Wednesday, 8 June 2011

The Huffington Post: Typifying Contemporary America via the Internet




http://www.huffingtonpost.com/


The Huffington Post is an American news website and content aggregating blog founded by Arianna Huffington, Kenneth Lerer, and Jonah Peretti in May 2005. The site is home to coverage on commentary on topics ranging from the likes of current affairs, politics, entertainment and sport as well as slightly offbeat ones such as divorce. It is home to almost 9000 bloggers made up of politicians, celebrities, academics and industry experts that cover all variety of subjects. This is what makes the Huffington Post the typification of contemporary America. The site is of as much use to an academic doing research as it is to a teenager looking up the latest movie news and is therefore indicative of contemporary America's diversity of interests.




The Huffington Post was named the world's most powerful blog by The Observer in 2008 and in 2009, co-founder Arianna Huffington was 12th in the Forbes' Most Influential Women in Media list. The sterling reputation and popularity of the site convinced AOL to fork out $315 million to acquire it in April 2011, once again typifying America in the capitalism and consumerism behind the purchase.

Thursday, 2 June 2011

E! Online reflecting the state of contemporary America.






http://uk.eonline.com/

E! Online is a website run by E! Entertainment Television, and provides up-to-the-minute entertainment news and celebrity inside information. E! Entertainment Television is a 24 hour network “dedicated to the world of entertainment” and is available to “97 million cable and satellite subscribers in the United States”, as well as to a global audience – including the UK.
E! Online was launched in August 1996 as “the comprehensive entertainment news website” and today has more than 20,000 entertainment news stories archived on the site. This makes it a self-confessed “unparalleled resource for celebrity-driven entertainment information”.
I chose this website because for me it typifies the state of contemporary America. I think E! Online reflects a strong aspect of contemporary American society and culture, which is now more than ever driven by a consumerism that is exported around the world through United States soft power.

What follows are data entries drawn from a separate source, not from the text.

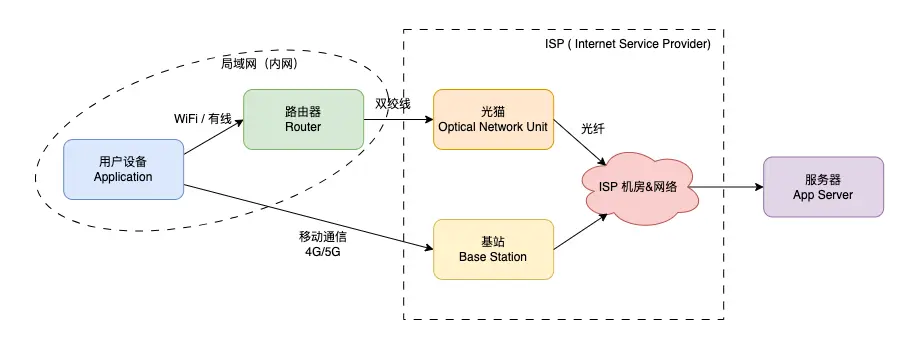 在此拓撲中,終端設備通過 WiFi 連接到路由器,路由器再連接到光貓(或終端設備通過移動網絡 4G/5G 連接到基站),之後 ISP 網絡服務提供商接管網絡通信,將請求最終轉發至應用服務器。
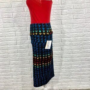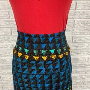 Multicolored geometric patterned “Cassie” midi skirt by LuLaRoe. Size 3XL. Black, blue, green, yellow, red, brown. New with Tags.
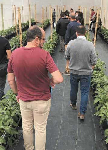 Grape, e uma estufa de pimentões vermelho e amarelo.
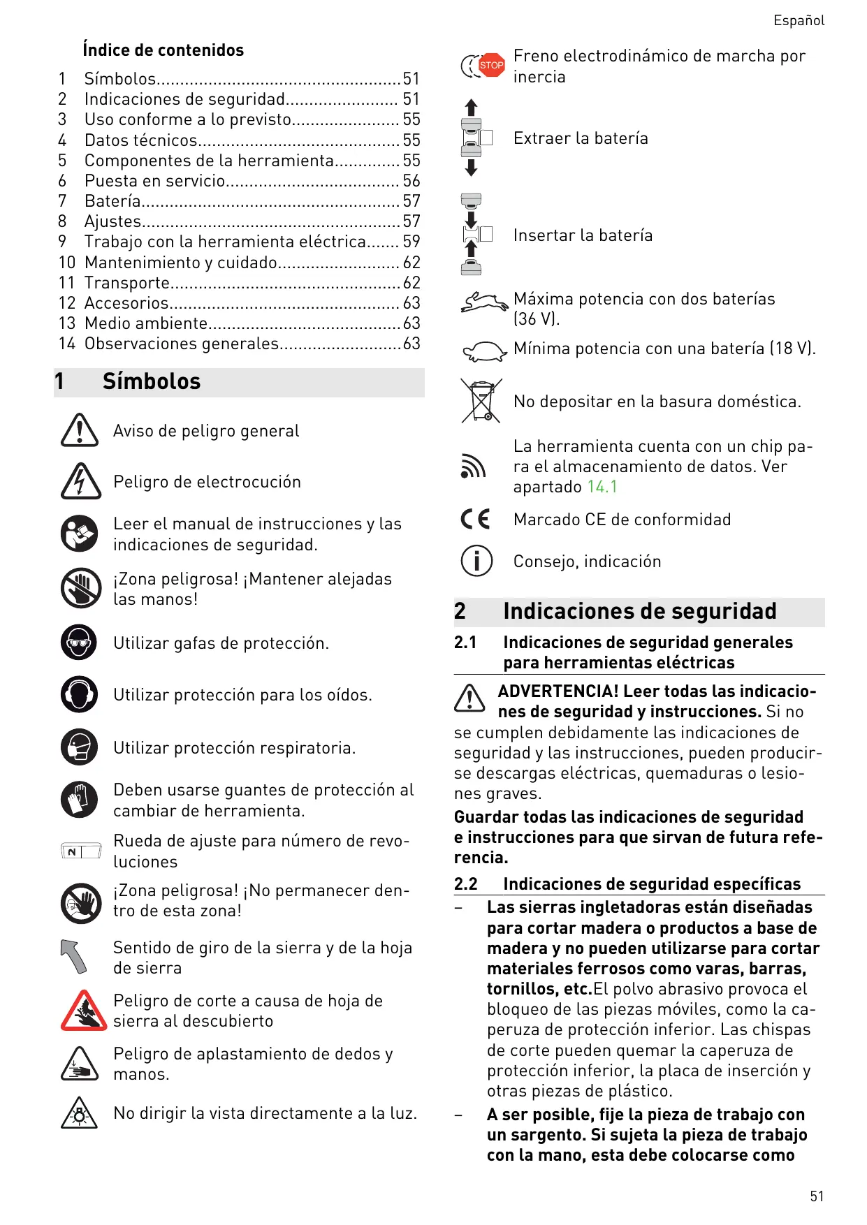 – Posición de trabajo correcta: – delante, en el lado del usuario; – frente a la sierra; – junto a la línea de la hoja de sierra. – Al trabajar, la herramienta eléctrica de be agarrarse siempre por la empuñadura [1-7] con la mano de manejo. Mantener la mano libre siempre fuera de la zona de pe ligro. – Adaptar la velocidad de avance para evitar que se sobrecalienten los filos de la hoja de sierra o que se derrita el plástico al serrarlo. Cuanto más duro sea el material a serrar, menor debe ser la velocidad de avance. – Dirija la herramienta eléctrica hacia la pie za de trabajo solo cuando esté conectada. – Cuando no se utilice la herramienta eléc trica, extraer ambas baterías de la herra mienta eléctrica. Así optimizará la vida útil de la electrónica. Comprobación de la movilidad de la cubierta protectora basculante ADVERTENCIA La cubierta protectora bascu lante debe moverse siempre libremente y po derse cerrar por sí sola. ► Extraer la batería. ► Agarrar la cubierta protectora basculante con la mano y probar a introducirla en el grupo de serrado. La cubierta protectora basculante debe po der moverse con facilidad y hundirse prácti camente del todo en el protector pendular. Limpieza de la zona de la hoja de sierra ► Mantener limpia la zona que rodea la cu bierta protectora basculante. ► Limpiar el polvo y las virutas con una bro cha o aplicando aire comprimido.
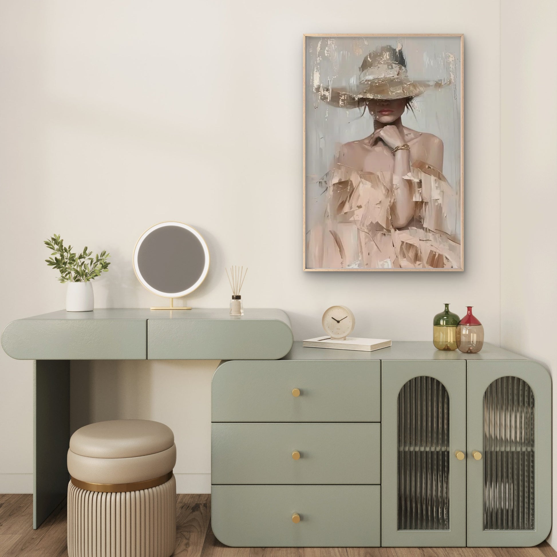 Modern Pastel Toned Painting Abstract Woman wearing Stylish Hat Fashion Home Decor Premium Quality Poster Print Choose Your Sizes
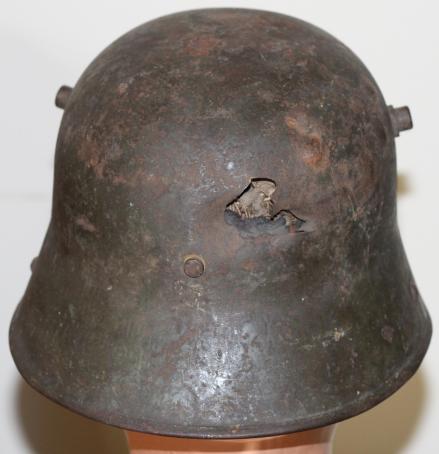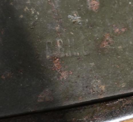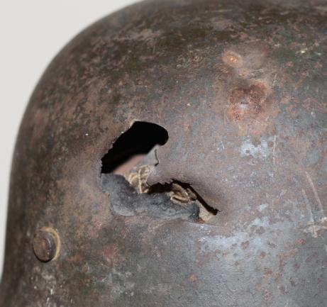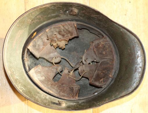This one has sustained battle damage with a shrapnel strike to the rear crown. It also looks like someone has then put 4 pistol rounds into the poor chap as there are outward dents with corresponding holes through the liner. The liner surprisingly is good with all 3 pads and leather band, one pad still with it's cushion and still with it's original draw string.
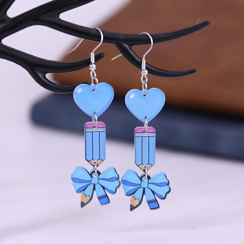 - Teacher Earrings:Fun pencil, heart, and book drop dangle design, perfect for back to school, graduation, and Teacher's Day gifts, ideal for colorful students and teacher appreciation
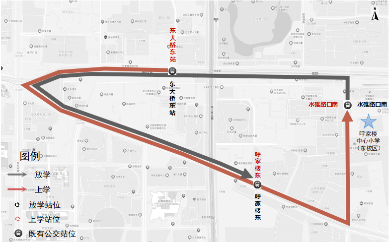 站点设置:东大桥东站——呼家楼东站——水碓路口南站(学校端)
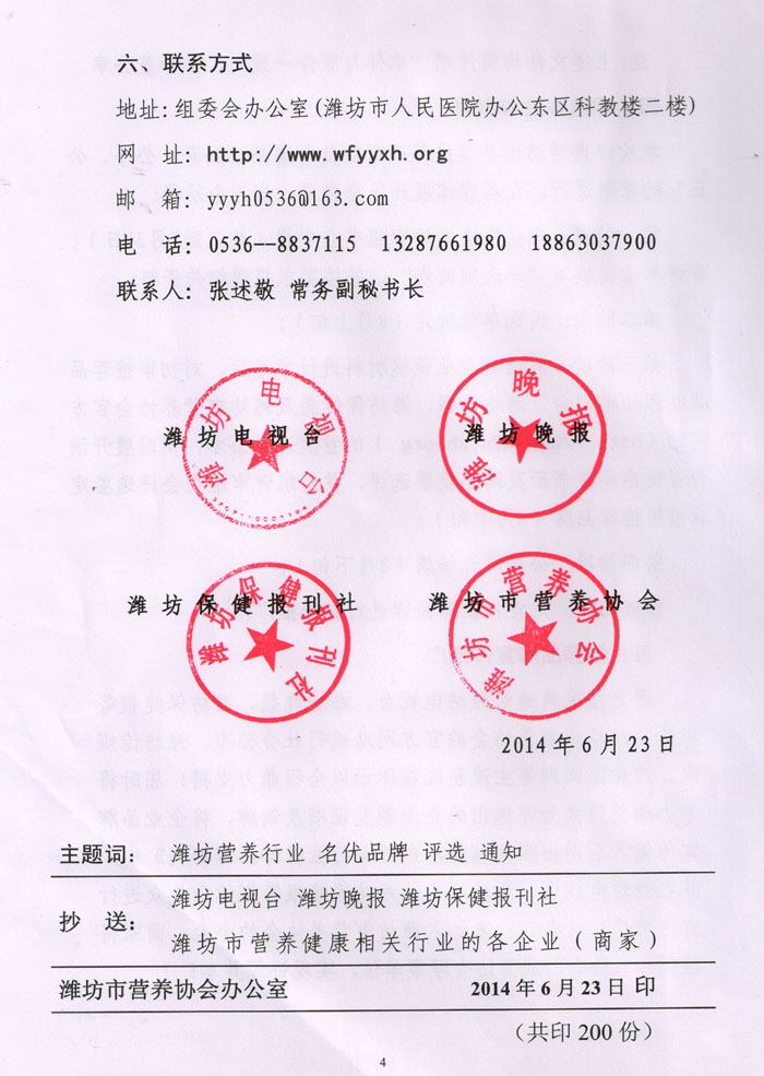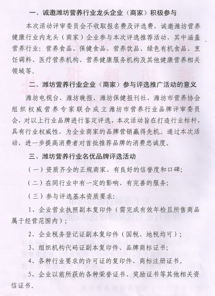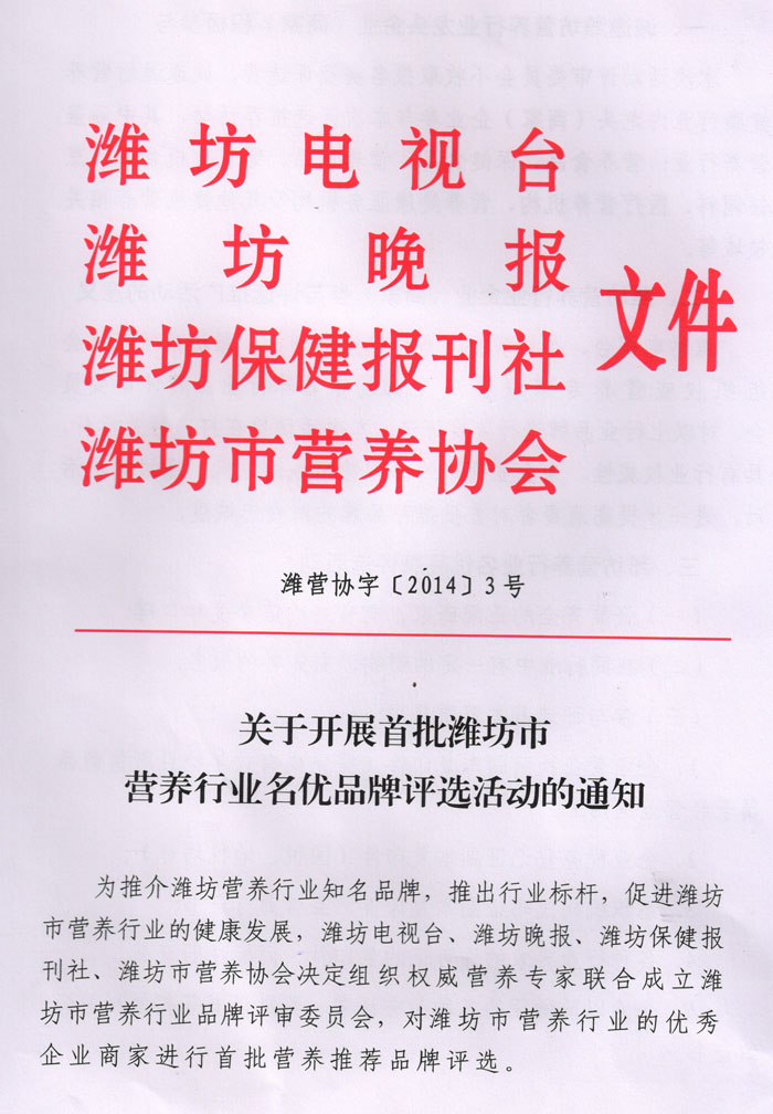 关于开展首批潍坊市营养行业名优品牌评选活动的通知

A website dedicated to the entertainment industry (one of America’s biggest exports) and its focus on the success, wealth and fashion of the celebrities involved sells an identity which has become sought after in many Western cultures and can be recognised as American.
For me it is not America’s hard power, such as its military or economy, which makes it strong today, but the selling of this cultural identity and soft power, which allows it to keep its status as a global hegemon.